House debates
Wednesday, 4 May 2016
Constituency Statements
Budget
9:48 am
Tim Watts (Gellibrand, Australian Labor Party) Share this | Hansard source
In footballing terms, if the 2014 federal budget was the Freemantle budget, a case of the minor premiers crash landing in spectacular fashion in the year after, last night was the Richmond of budgets. It was a budget of high expectations met with mediocrity and disappointment. Malcolm Turnbull, the Prime Minister, had a choice in last night's budget. He could have chosen to invest in our schools, in our hospitals and in our communities. Instead, he chose tax cuts for the highest 25 per cent of Australian income earners. Individuals who earn the most will get a double tax cut. Someone earning $1 million a year will get a $16,715 tax cut, while three-quarters of Australian taxpayers receive absolutely nothing. Indeed, many will go backwards. A couple with a single income of $65,000 with three primary school kids are $3,034 worse off a year and will receive no tax cuts. A single mother on an income of $87,000 a year with two high schoolers is $4,463 worse off per year.

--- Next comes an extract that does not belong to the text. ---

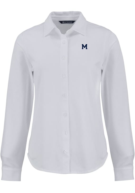 Show your Wolverines spirit show in the office with this Michigan Wolverines Dress Shirt! Embrace your team spirit and showcase it proudly in this Womens White Vault Advantage Soft Pique Long Sleeve Long Sleeve Button Down Shirt. This Long Sleeve Dress Shirt features a team logo on chest.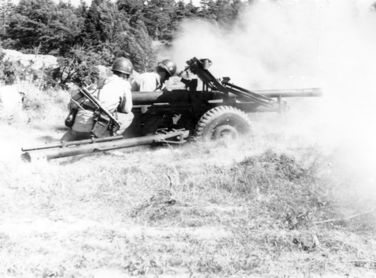 57 mm pansarvärnskanon under eldgivning.

The Prime Minister also chose tax cuts for multinational corporations. He says it is a plan for, 'Jobs and growth'. That is the new slogan from the Prime Minister, who promised no slogans. How can you have a plan for jobs and growth that does not invest in our schools, that abandons the Gonski plan for school education funding, that cuts $2 billion in funding from our universities, that cuts $1 billion in funding for infrastructure investment accelerating the already dangerous 20 per cent decline in public sector infrastructure investment that has occurred under this government?
This budget is not about jobs and growth; it is about ideology and vested interests. It is a budget that clearly frames the question facing the voters at the coming election: do you trust Malcolm Turnbull to govern in your interests?
On Thursday night Bill Shorten, the Leader of the Opposition, will outline Labor's positive alternative. We will provide the economic leadership that was lacking last night. It will be a Western Bulldogs budget reply—a plan that invests in young people to build a prosperous future, and a plan that lets everyone contribute and reach their full potential, not just a few high-earning stars. It will be a plan that provides for better paid and protected jobs; for better schools and better teachers; for a healthier Australia investing in Medicare instead of cutting it; and for a 50 per cent renewable energy target, including driving more solar energy investment. It will be a plan that puts people first. You can trust a Labor government, led by Bill Shorten, to govern in your interests. Whose interests will Malcolm Turnbull govern in?